Adhesive capsulitis of the shoulder results in a stiff shoulder joint. This occurs as a result of scarring and tightening of the capsule of the shoulder joint. A tight capsule prevents the ball from rolling and moving across the socket and therefore patients with a frozen shoulder present with pain, stiffness and lack of function.
Often frozen shoulders occur as a result of minute and often unnoticed injuries to the shoulder joint which can occur after a heavy bout of overhead DIY and can occur as a result of a simple jarring to the shoulder as well. People who are diabetic are particularly prone to develop a frozen shoulder as are people who have had a heart attack, a stroke, who have had breast surgery or who have simply been put in a plaster for a wrist fracture. In the early stages of the disease the pain is quite severe and can be worse at night and often disturbs sleep. Over the course of a few months the pain tends to subside but this is replaced by increasing stiffness and lack of movement. If left alone it may take up to 2-3 years for the shoulder to loosen up but more often than not patients are left with residual joint stiffness.

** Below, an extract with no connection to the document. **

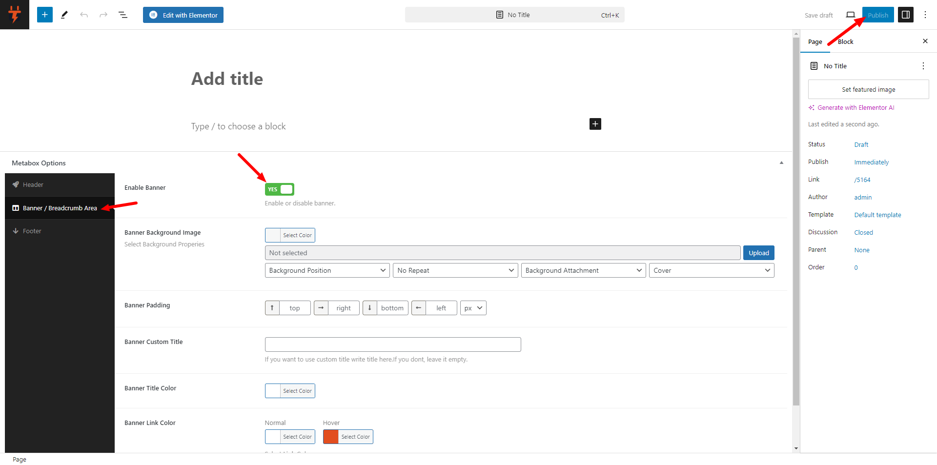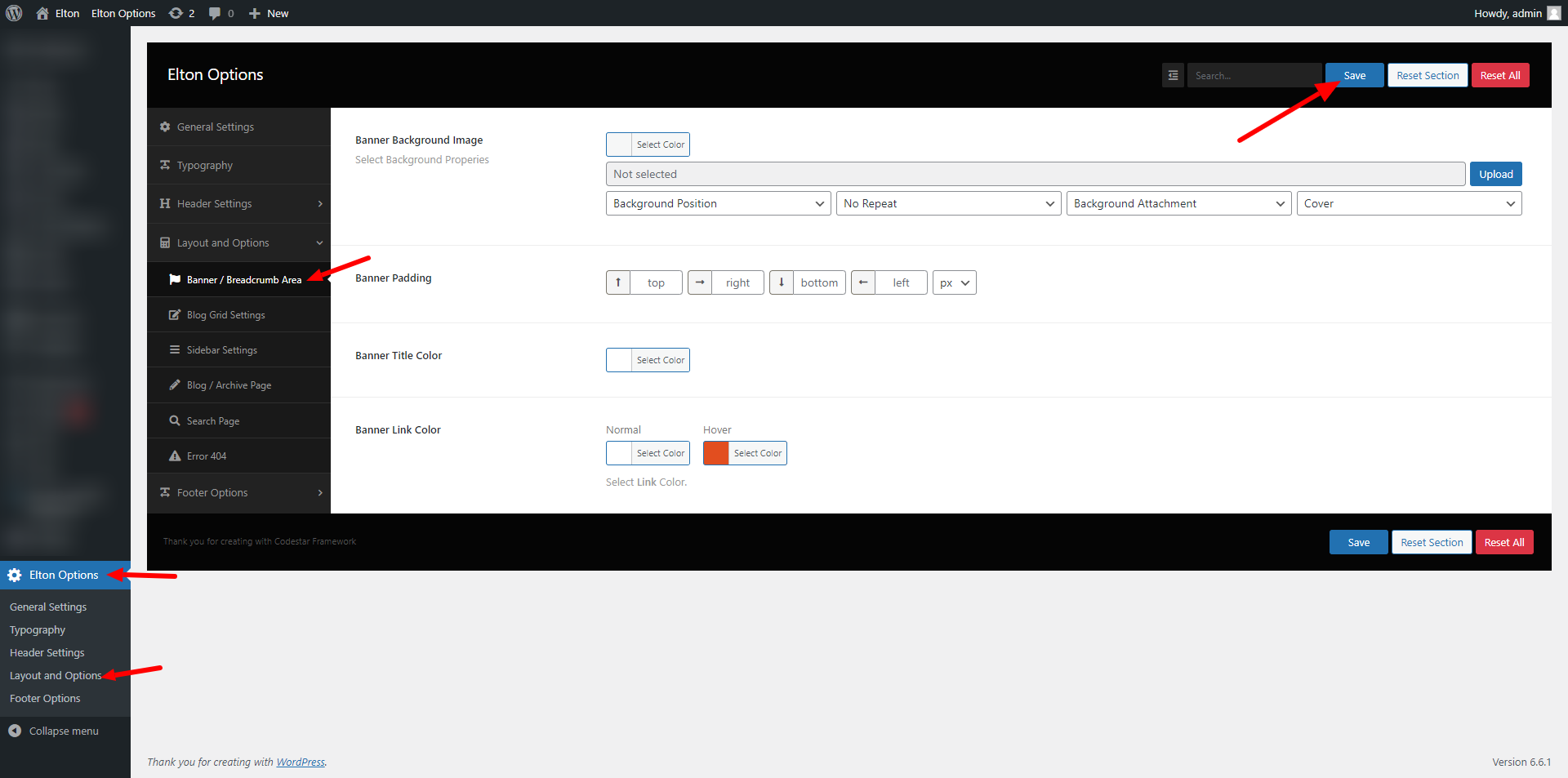 wp-admin >> elton Options >> Layout and Options >> Banner / Breadcrumb Area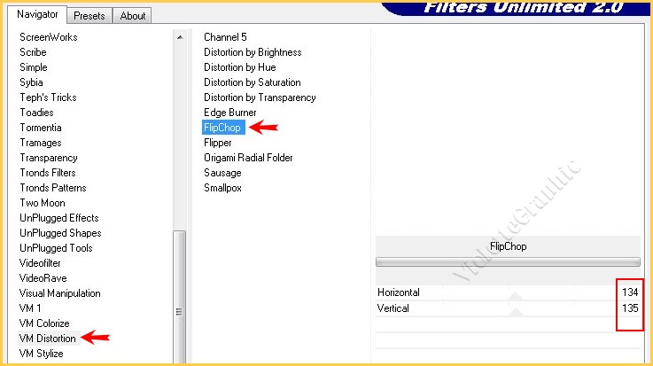 3 - Effets/ VM Distorsion / Flip Chop réglages suivants :

If accurately diagnosed in the early stages of the disease then the pain can be controlled through painkillers and a local anaesthetic and steroid injection. This allows the Physiotherapist to help improve the range of shoulder motion and with a regular stretching programme could prevent stiffness of the joint. However, in established cases a simple local anaesthetic injection is unlikely to be beneficial. Such patients may require a manipulation under general anaesthetic along with a local anaesthetic and steroid injection followed by an intensive stretching and rehabilitation programme. In very resistant cases, particularly individuals who suffer from diabetes then an arthroscopic capsular release may be required.